Но еще силен был и «старый двор» – окружение королевы‑матери, Анны Австрийской, которая, как это часто бывает, прожив жизнь достаточно бурную и пеструю, на склоне лет пришла к самой истовой набожности. Поведение сына глубоко ее огорчало; ей не дано было знать, что и он в свой черед под старость оставит все прежние привычки и кончит дни в мрачном и чинном благонравии. А пока ничто такого исхода не предвещало, Анна Австрийская отчаянно – и тщетно – искала любых средств образумить Людовика. Союзников и единомышленников у нее было немало.

Тем не менее подозрения в вольнодумстве центром спора вокруг «Урока женам» не стали. Главная тяжесть обвинений против Мольера сосредоточивалась, помимо профессиональной стороны дела, на обстоятельствах его личной жизни, отношениях с Мадленой и Армандой (остроты, которыми присяжные скромники осыпали Мольера, своей непристойностью оставляли далеко позади двусмысленные шутки из «Урока женам»). В конце концов Монфлери, актер Бургундского отеля на роли героев, подал королю записку, в которой объявлял, что Мольер «жил с матерью (Мадленой) и женился на дочери (Арманде)». В ответ король согласился стать крестным отцом новорожденного первенца Мольера и Арманды; крестной матерью была Генриетта Английская. Жест эффектный, и после такого красноречивого свидетельства монаршего благоволения врагам Мольера не оставалось иного выхода, как замолчать, выжидая следующий удобный миг для нападения.

И сам Мольер, защищаясь, постарался упреков в безбожии коснуться по возможности осторожно и вскользь – до времени. Две пьесы, которые составляют его реплику в полемическом диалоге – «Критика „Урока женам“» и «Версальский экспромт», – посвящены почти исключительно обсуждению вопросов ремесла. В сущности, спор между Мольером и его противниками идет о поэтике того утверждающегося стиля в искусстве, который потомки назовут классицизмом.
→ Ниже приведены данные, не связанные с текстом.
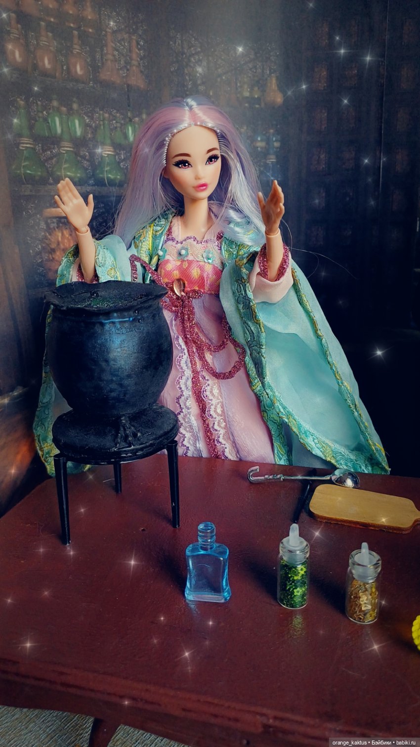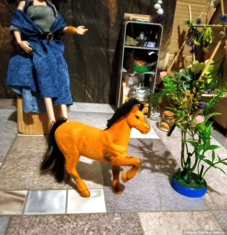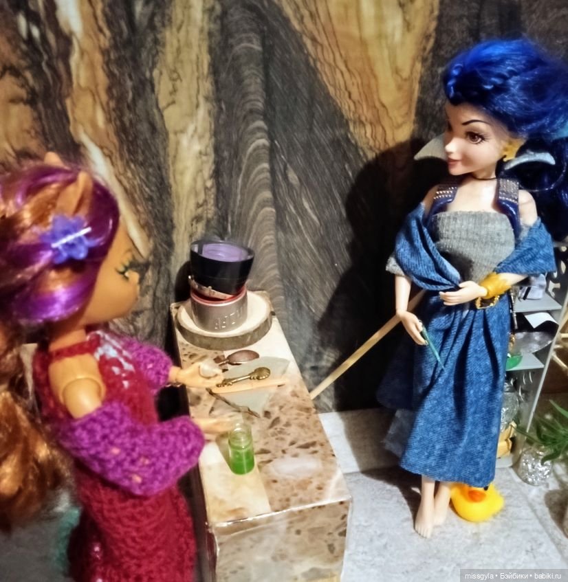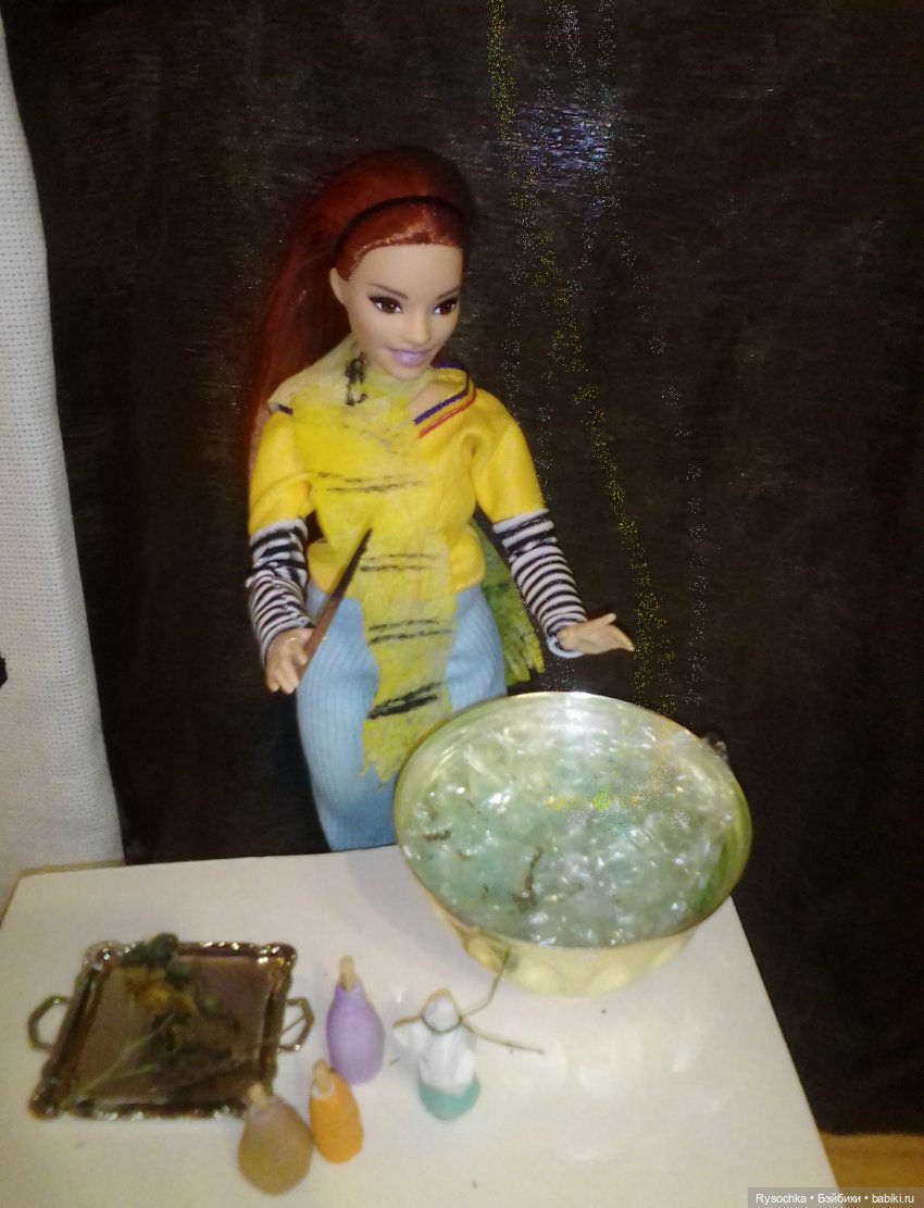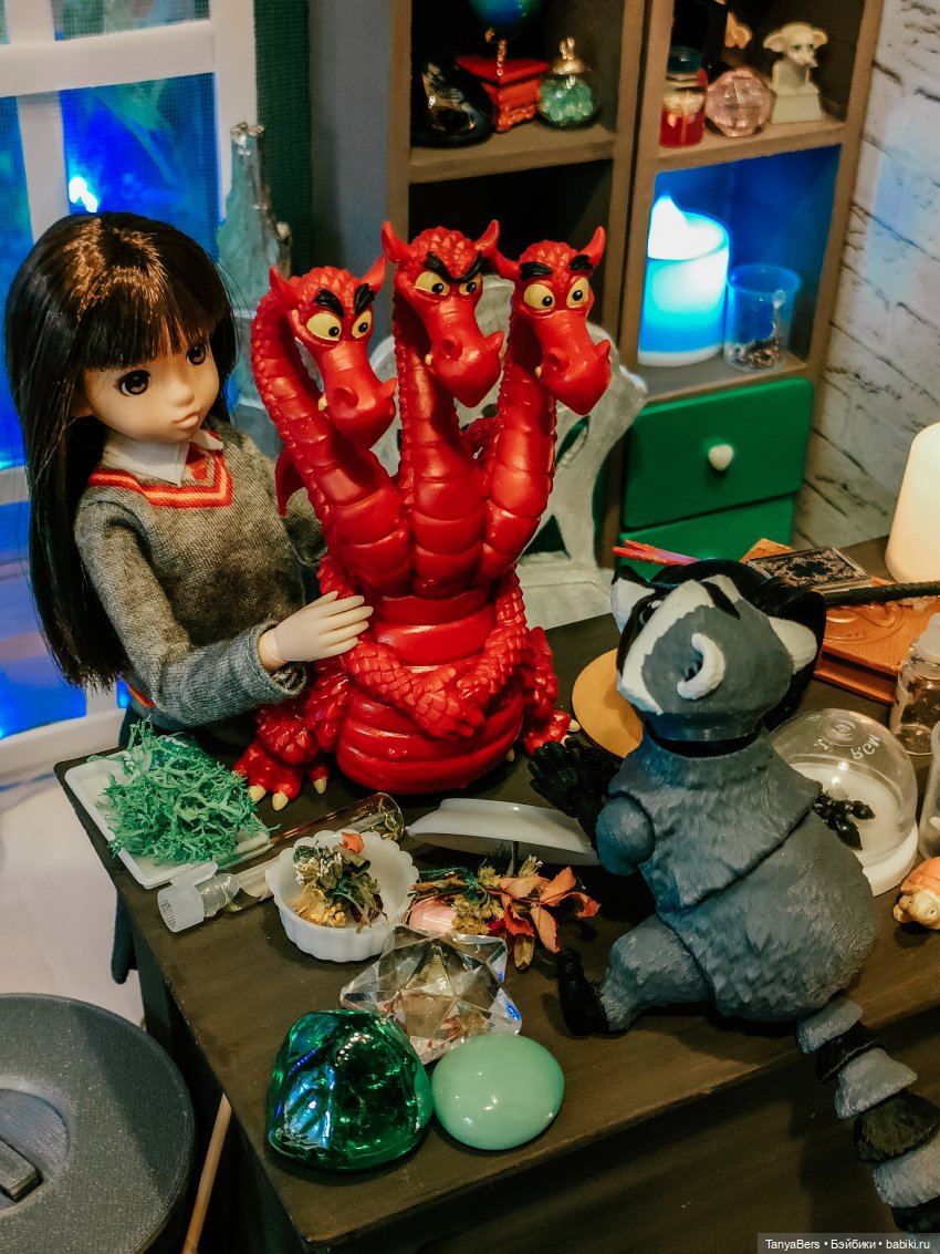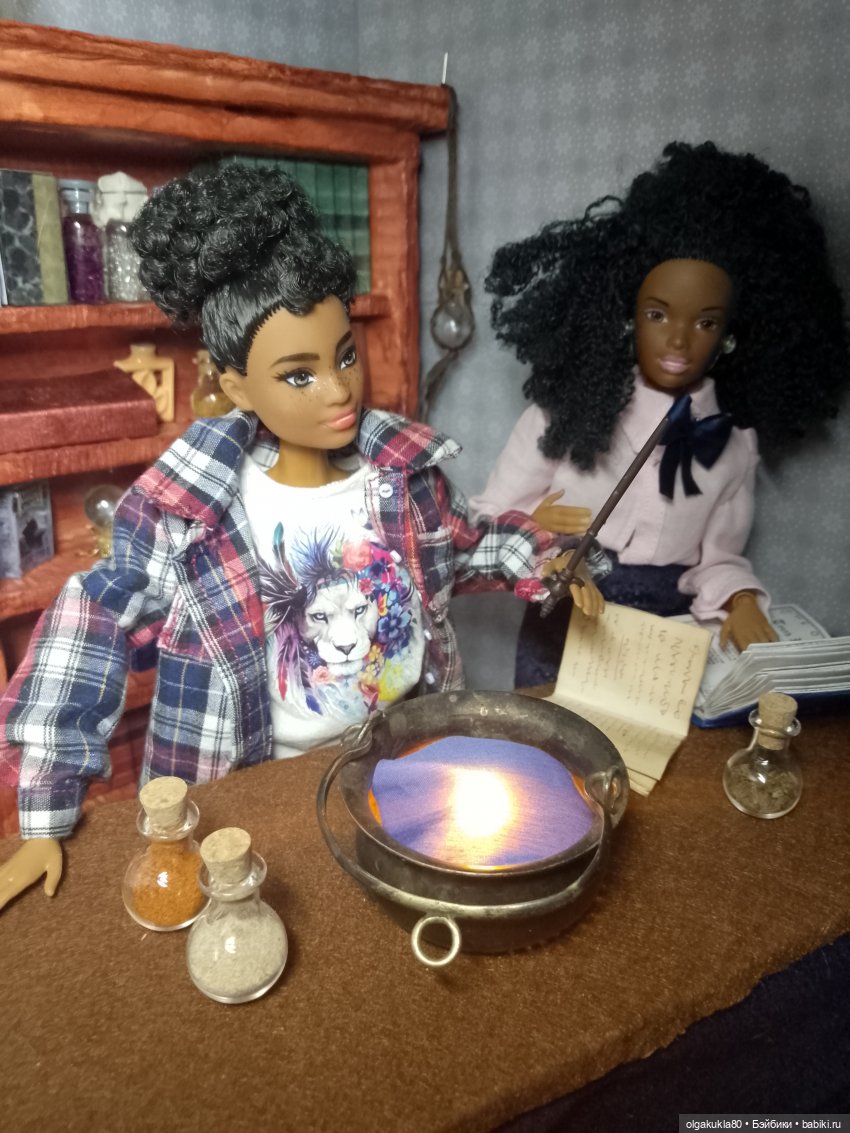 Она ещё не очень определившаяся волшебница, но обстановка ей явно нравится)
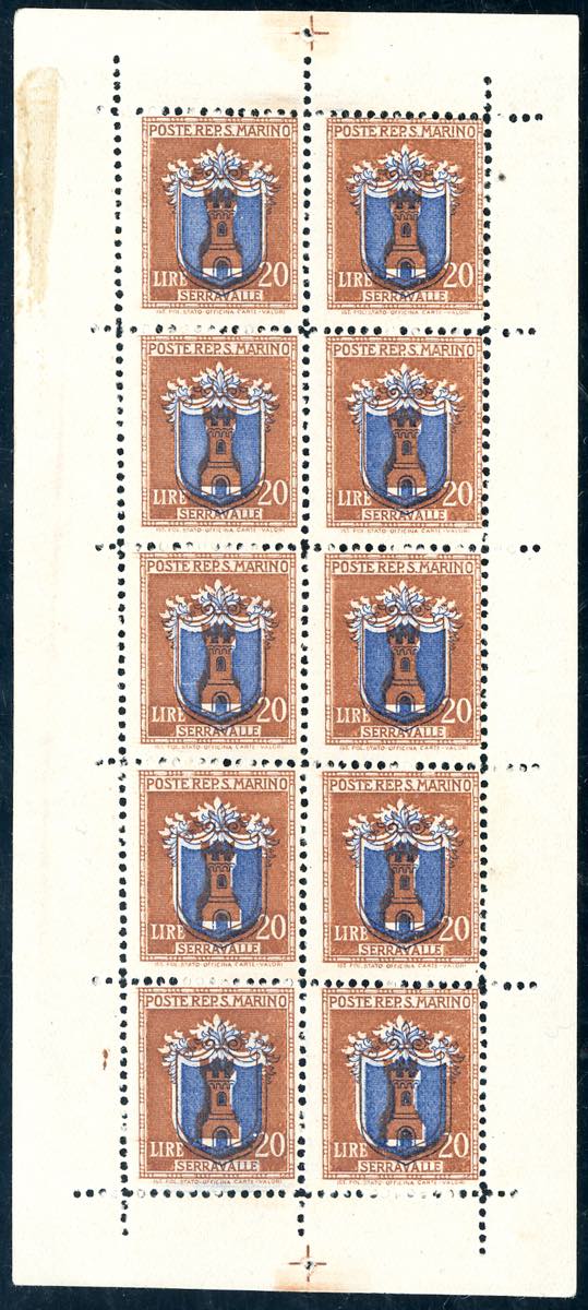 1945 - 20 lire Stemmi, minifoglio, tutti gli esemplari con la stampa dell'azzurro fortemente spostato in basso (3ac), gomma originale ... Read more
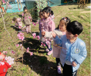 幼儿们来到户外,寻找桃花,一起捡着桃花、赏着桃花,感受桃花的美。盛开的花朵让幼儿们在观赏的同时情不自禁地想用手去触摸它们,一张张笑脸也跟花儿一样灿烂美丽。长在角落里不显眼的小野花也在寻找过程中被发现了,幼儿们一个个蹲下身来,围着小野花,沉浸在发现春天的小秘密的世界里,闻着花香,数着花瓣,玩得特别开心。
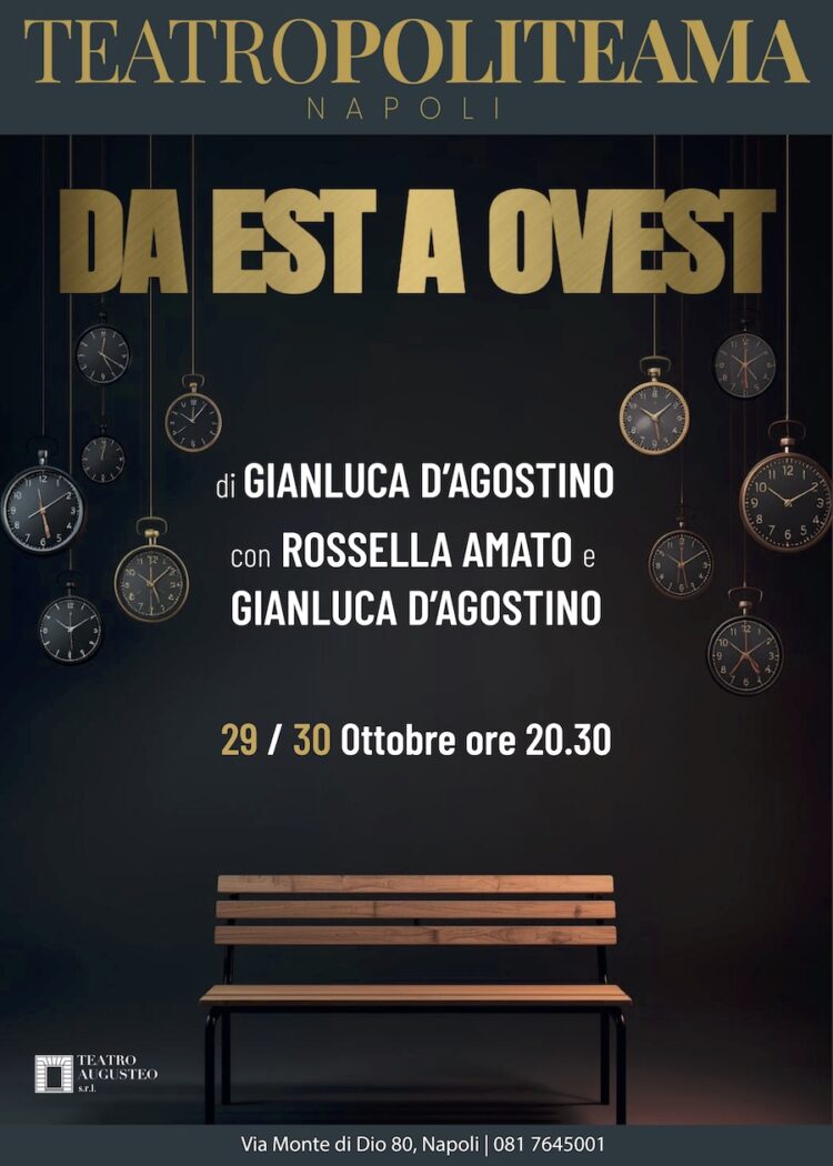Mercoledì 29 e giovedì 30 ottobre 2025 alle ore 20.30, al Politeama di Napoli, in Via Monte di Dio 80, sarà in scena “Da Est a Ovest” di Gianluca D’Agostino, con Rossella Amato e Gianluca D’Agostino, che firma anche la regia. Scene di Carmela Rosamilia. Musiche originali Bluenne, Maurilio Riccio, Antonio Vitelli. Disegno luci e coord. rep. tecnico Rossella Coppola. Assistente regia e fonica Rebecca Carlizzi.

На уровне исходных мыслительных положений, осознанно ли принятых или бессознательно усвоенных, сходятся все: постигать бытие значит прощупывать за бесконечным разнообразием его преходящих явлений некую устойчивую, постоянно его определяющую основу. Сложные «задачи на миропонимание» предлагается решать алгебраическим путем, «с иксами», а не арифметическим, с конкретными числами. Картезианская посылка о наличии таких общеобязательных законов, о возможности и необходимости их вычленения так или иначе разделяется отцами классицизма и сказывается даже там, где упорядочивающую схему разглядеть как будто труднее всего. Например, в отношении к живой природе: внутри парковых оград она состоит из правильных овалов прудов, прямых линий аллей, пирамид деревьев. Или в подходе к языку: янсенисты для воспитанников созданных ими школ разрабатывают грамматику, не просто описывающую особенности разных языков, но пытающуюся установить их единые законы.[2]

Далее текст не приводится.